I coś takiego właśnie przydarzyło się Polakom po 1945 r. Zabrakło depozytariuszy polskiego kodu kulturowego, zabrakło głosu obrońców polskiego doświadczenia i polskiej refleksji, która podczas ostatniej wojny pozwoliła rozwinąć Polskie Państwo Podziemne… i co pozostało? Pozostała mentalność folwarku w najgorszym wydaniu, bo w ujęciu parobczarskim. Depozytariusze nie uciekli, lecz zostali albo zamordowani, albo wypędzeni. Dziś już nic się nie składa: ani peerelowska Konstytucja, ani stary oligarchiczny system rodem z Polski podległej ZSRS, ani nieprzerobiona polska mentalność podszyta nawykami jeszcze z okresu uwłaszczenia chłopów. Dziura, zamiast znikać, powiększa się.
Ucięto głowę tej polskiej myśli, która posiadała siłę i logikę ciągłości kulturowej – była ona nasza i czytelna dla wszystkich. Co więcej, miała zdolność inspiracji i twórczego rozwoju. A jak odcięto głowę, pozostała próżnia, w którą wskoczyła obca polityka i szumowiny, które coraz bardziej się rozpierają. Po 1945 r. Polacy pozbawieni rodzimej inteligencji pozostali bezbronni i rzuceni na pastwę dominującej w każdej dziedzinie komuny. Potem przyszło dopełnienie: odjechały tanki, przyjechały banki.
Dziś z jednej strony mamy sztuczną inteligencję, a z drugiej środek XIX w., którego do dziś nowoczesna Europa nie potrafi przezwyciężyć. Wszyscy żyjemy i karmimy się jakimiś imaginacjami, a tak naprawdę zyskiem za wszelką cenę. Polacy pchani fantomem dobrobytu, który nigdy nie nastąpi, udają że nie widzą historii i tej zardzewiałej cudzej kuli u nogi, której do dziś nie potrafimy jej rozkuć.
Ogólnie, jedni chcą dominować nad drugimi, nie zdając sobie sprawy, że od wewnątrz dzieli nas pustka, a od zewnątrz nieprzystawalne cywilizacje.

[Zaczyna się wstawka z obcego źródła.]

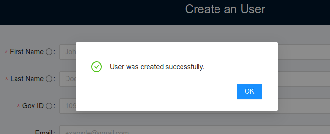 If you confirm the data, a successfully message will show up.
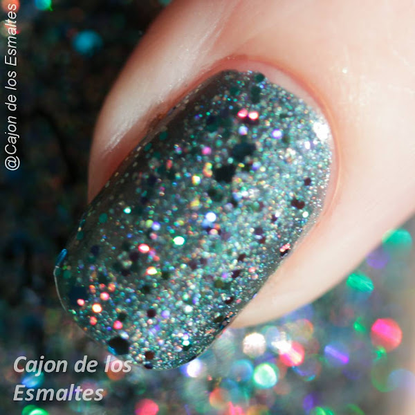 Yendo al esmalte, Peacock Portrait de Finger Paints tiene una base transparente a pesar que no lo parece. Así que inspirada por el color de la botella usé un verde similar y luego una mano de Peacock Portrait. Tiene glitter verde, rojo y holográfico de diferentes colores. Se los muestro un poco desenfocado para apreciar el arco iris.

W Europie, zamiast porządkować naszą kulturową rzeczywistość, świadomie zaciera się różnice pomiędzy obszarem politycznym i kulturowym.
W Polsce te dwie dziedziny zlały się w jedną bezwładną masę i zaczynają kontynuować to, co zaplanowali jeszcze Katarzyna II, Hitler i Stalin. W taki sposób polityka w Polsce pożera wszystko to, co przez wieki zdołaliśmy wypracować w swojej obronie przed brutalnością przyrody, obcego państwa i drugiego człowieka. Ba, tak bezwzględna polityka wyjada naszą duszę, która ma chronić dobro i zapewnić ciągłość trwania. W tym procesie dobro zmienia swoje intencje i przeradza się w zło.
W Polsce umiejętność rozróżnienia sfery politycznej od kulturowej, mimo, że dotyczą one dwóch diametralnie różnych obszarów, należy nie tyle do trudnych, co bardziej poprawnościowo-politycznych: prawdę przysłania kundlizm, sprzedajność, słabość państwa, które przedstawia się jako demokrację, niski poziom elit i skandalicznie złe nauczanie oraz beznadziejna narracja. Dość powszechnie mówi się, że gdyby powiedzieć Polakom prawdę o przyszłości Polski, nikt nie zostałby wybrany. Ten fakt mówi o wszystkim, tym bardziej, że poza granicami Polski ta prawda o nas jest powszechnie znana i co więcej, akceptowana. Nie wiemy o czym dyskutujemy i na jakim świecie żyjemy. A już świadomym bałamutem i skandalem jest głoszenie, że III RP posiada jakąś niepodległość.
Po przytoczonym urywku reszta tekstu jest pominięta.